Combien de temps « cela » peut-il durer ? Combien de temps un grand pays nucléaire comme la Russie pourra-t-il être dirigé par un président de plus en plus couramment désigné chez lui comme « cet ivrogne» ? Mais l’indignation et le dégoût que ce constat inspire à une bonne moitié du pays ne paraissent pas changer les données de base : la Russie, qui aspirait à retrouver « ordre et discipline » après des années de laisser-faire « démocratique », se laisse transformer, à nouveau, en un Etat policier, capable, semble-t-il, de vivre avec un Boris Eltsine comme président, de même que l’URSS s’accommodait d’un Léonid Brejnev.

La comparaison, lancée dès décembre 1994 par la télévision NTV, est devenue une reflexion courante : « ils » ont bien su maintenir en état pendant des années un Brejnev impotent, « ils » pourront faire la même chose avec M. Eltsine. « Ils » étant les généraux Korjakov et Barsoukov, ainsi que l’ensemble de « l’entourage présidentiel », ceux qui, malgré leurs rivalités, risquent de tout perdre si le régime de M. Eltsine était sérieusement ébranlé.

Mais le renforcement du pouvoir « policier » du régime ne signifie nullement un renforcement tout court de celui-ci.

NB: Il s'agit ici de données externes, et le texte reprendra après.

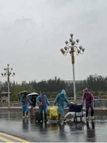 报到期间,学校、学院领导多次来到现场进行关怀和慰问,为大家带去温暖。副校长张献明、副校长任喜莹、304永利集团官网入口院长金燕、304永利集团官网入口党委副书记吕晓勇也来到了现场视察指导,并亲切问候志愿者。随后,学院团委负责老师张希琼为志愿者们及时补充了雨衣、暖贴、口罩等物资。在各位领导、老师的鼓励和关怀下,志愿者们更加热情高涨,迎新工作如火如荼地进行。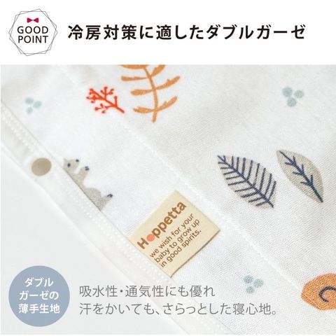 Hoppetta(ホッペッタ) bambooスリーパーベビーサイズ リス|スリーピングベスト 出産祝い ギフト 寝冷え 赤ちゃん 春夏 袖なし 新生児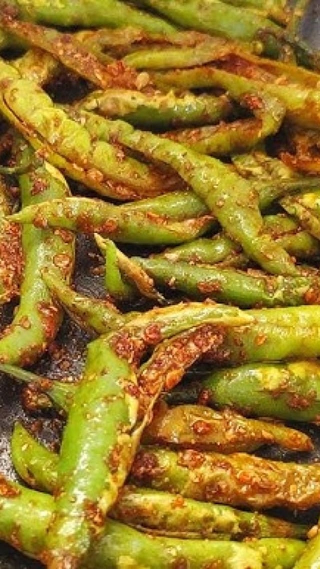 मिरच्या शिजल्यावर वरून लाल तिखट आणि थोडी साखर घाला. साखरेमुळे चव संतुलित होते आणि झणझणीतपणाला छान गोडसर टच येतो.

Le fossé qui se creuse avec l’opinion, comme l’ignorance délibérée du pouvoir législatif, peut certes être, théoriquement, comblé par un report des élections, voire une nouvelle manipulation de celles-ci. Mais l’économie ne se laisse pas manipuler de même : les mineurs, une des dernières forces organisées du pays, las de n’être pas payés depuis des mois alors que l’inflation reprend et qu’ils doivent, de plus, envoyer leurs fils mourir en Tchétchénie, menacent déjà de lancer une « grève politique » le 1 mars.